High powder shaking density can reduce sintering shrinkage and facilitate the sintering process and dimensional accuracy control. For iron-based and stainless steel products, there is also a problem of potential carbon control in sintering. Due to the high price of a fine powder, studying enhanced sintering technology for coarse powder blanks is an important way to reduce the production cost of powder injection molding. This technology is an important research aspect of metal powder injection molding.
Due to the complex shape of MIM products and large sintering shrinkage, most of the products still need post-sintering treatment after sintering, including shaping, heat treatment (carburizing, nitriding, carbonitriding, etc.), surface treatment (fine grinding, ion nitriding, electroplating, shot hardening, etc.), etc.
The reference design of MIM net molding accuracy is usually ± 0.5% of the size. Certain characteristics of net molding can reach ± 0.3%. As with other technologies, the higher the accuracy requirement, the higher the cost, so moderate relaxation of tolerance requirements is encouraged where quality allows.
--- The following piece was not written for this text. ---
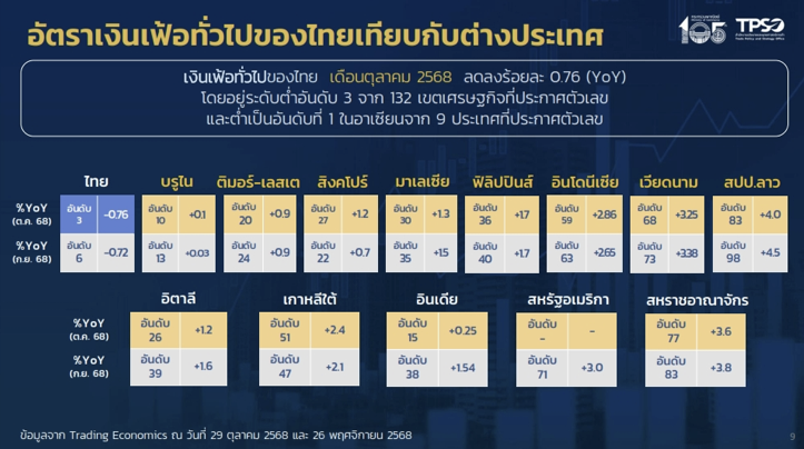 อัตราเงินเฟ้อทั่วไปของไทยเมื่อเทียบกับต่างประเทศ ข้อมูลล่าสุดเดือนตุลาคม 2568 พบว่า อัตราเงินเฟ้อทั่วไปของไทยลดลงร้อยละ 0.76 (YOY) โดยอยู่ระดับต่ำอันดับ 3 จาก 132 เขตเศรษฐกิจที่ประกาศตัวเลข และต่ำสุดในกลุ่มประเทศอาเซียน 9 ประเทศที่ประกาศตัวเลข เช่น บรูไน ติมอร์-เลสเต สิงคโปร์ มาเลเซีย ฟิลิปปินส์ อินโดนีเซีย เวียดนาม และ สปป.ลาว

Tolerances that cannot achieve with MIM primary molding can be achieved with surface preparation.
Wall thicknesses of less than 6 mm are optimal for MIM. Thicker outer walls are also possible, but costs will increase due to longer processing times and the addition of additional material. Also, very thin walls below 0.5 mm are achievable for MIM but have high design requirements.
MIM is a highly flexible process and can be achieved very economically with an annual demand of several thousand to several million. As with cast and injection molded parts, MIM requires customer investment in tooling and tooling costs, so for small quantities, this usually affects cost estimates.